**EXERCISE DESCRIPTION:**
Return the data below exactly, minus the pictures.

**STORED DATA:**
# # # # #
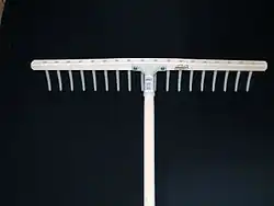 Der Rechen bzw. (oft im nord- und mitteldeutschen Sprachraum) die Harke[1][2] sind Gartengeräte[3] mit einem Stiel, einem quer dazu angesetzten Stab, dem „Holm“ oder „Rechenbalken“, und mehreren kurzen Fortsätzen, den „Zinken“. Das Gerät dient je nach Ausführung zum Zusammenziehen von lockerem Material (Laub, Grasschnitt oder Heu), Furchenziehen für Saatgut oder zum Bearbeiten des Bodens (Lockern, Reinigen von Pflanzenresten und Steinen, Ebnen und Verteilen).[4] Auch zum Verteilen von Materialien wie Kies, Beton oder Bitumenbelag im Straßenbau kann es verwendet werden. Anwendung findet es in der Landwirtschaft, im Gartenbau und im Baugewerbe.
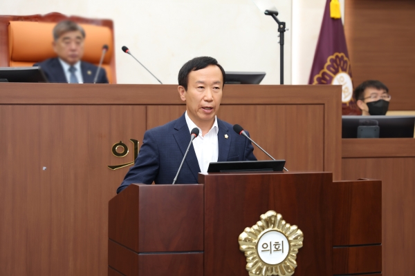 마지막으로 외부재원 의존율이 높은 우리군은 올해 420억원, 내년도엔 325억원 정도의 교부세가 줄어 긴축재정 편성을 하지 않을 수 없는 상황이라며 미래를 위한 SOC투자, 복지예산 등의 기조는 현행과 같이 지속유지됨이 바람직하며 경상지출 분야에서 대대적 긴축 예산을 편성할 것과 지방채발행에만 의존하지 말고 가용 재원을 총동원하는 적극적인 재원 확보방안 수립을 촉구하며 군정질문을 마무리했다.
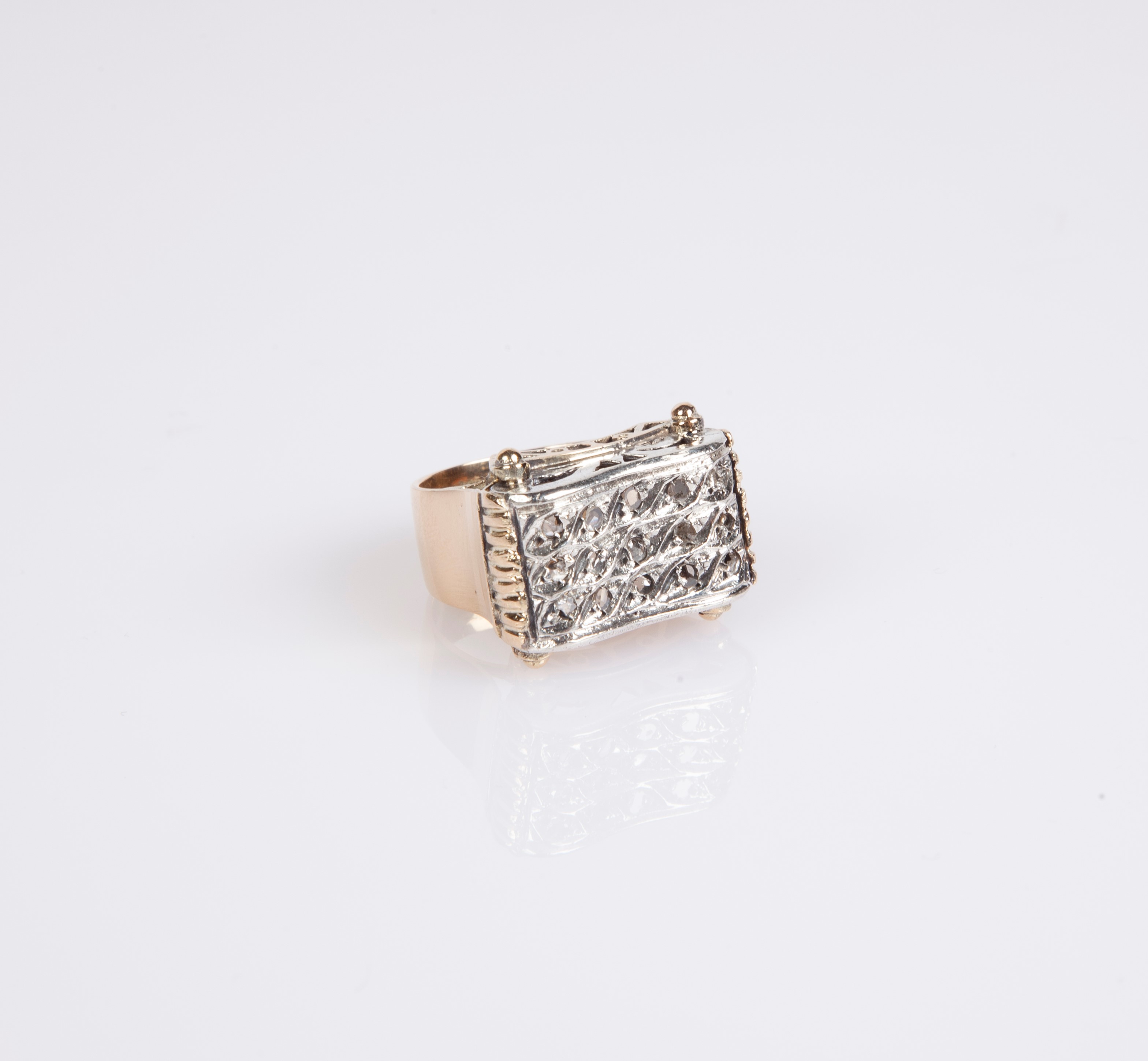 Oro a basso titolo, diamanti in taglio rosa. Peso complessivo gr. 11,20.
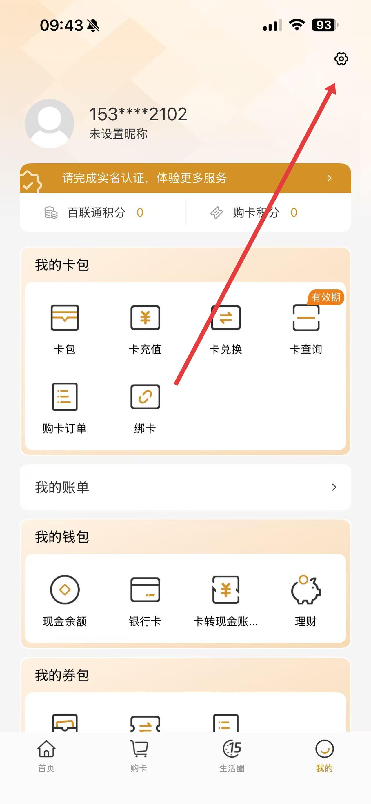 2.卡包:批量管理会员卡,积点卡用于线下支付。
# # # # #
**RESULT BELOW:**
 Der Rechen bzw. (oft im nord- und mitteldeutschen Sprachraum) die Harke[1][2] sind Gartengeräte[3] mit einem Stiel, einem quer dazu angesetzten Stab, dem „Holm“ oder „Rechenbalken“, und mehreren kurzen Fortsätzen, den „Zinken“. Das Gerät dient je nach Ausführung zum Zusammenziehen von lockerem Material (Laub, Grasschnitt oder Heu), Furchenziehen für Saatgut oder zum Bearbeiten des Bodens (Lockern, Reinigen von Pflanzenresten und Steinen, Ebnen und Verteilen).[4] Auch zum Verteilen von Materialien wie Kies, Beton oder Bitumenbelag im Straßenbau kann es verwendet werden. Anwendung findet es in der Landwirtschaft, im Gartenbau und im Baugewerbe.
 마지막으로 외부재원 의존율이 높은 우리군은 올해 420억원, 내년도엔 325억원 정도의 교부세가 줄어 긴축재정 편성을 하지 않을 수 없는 상황이라며 미래를 위한 SOC투자, 복지예산 등의 기조는 현행과 같이 지속유지됨이 바람직하며 경상지출 분야에서 대대적 긴축 예산을 편성할 것과 지방채발행에만 의존하지 말고 가용 재원을 총동원하는 적극적인 재원 확보방안 수립을 촉구하며 군정질문을 마무리했다.
 Oro a basso titolo, diamanti in taglio rosa. Peso complessivo gr. 11,20.
 2.卡包:批量管理会员卡,积点卡用于线下支付。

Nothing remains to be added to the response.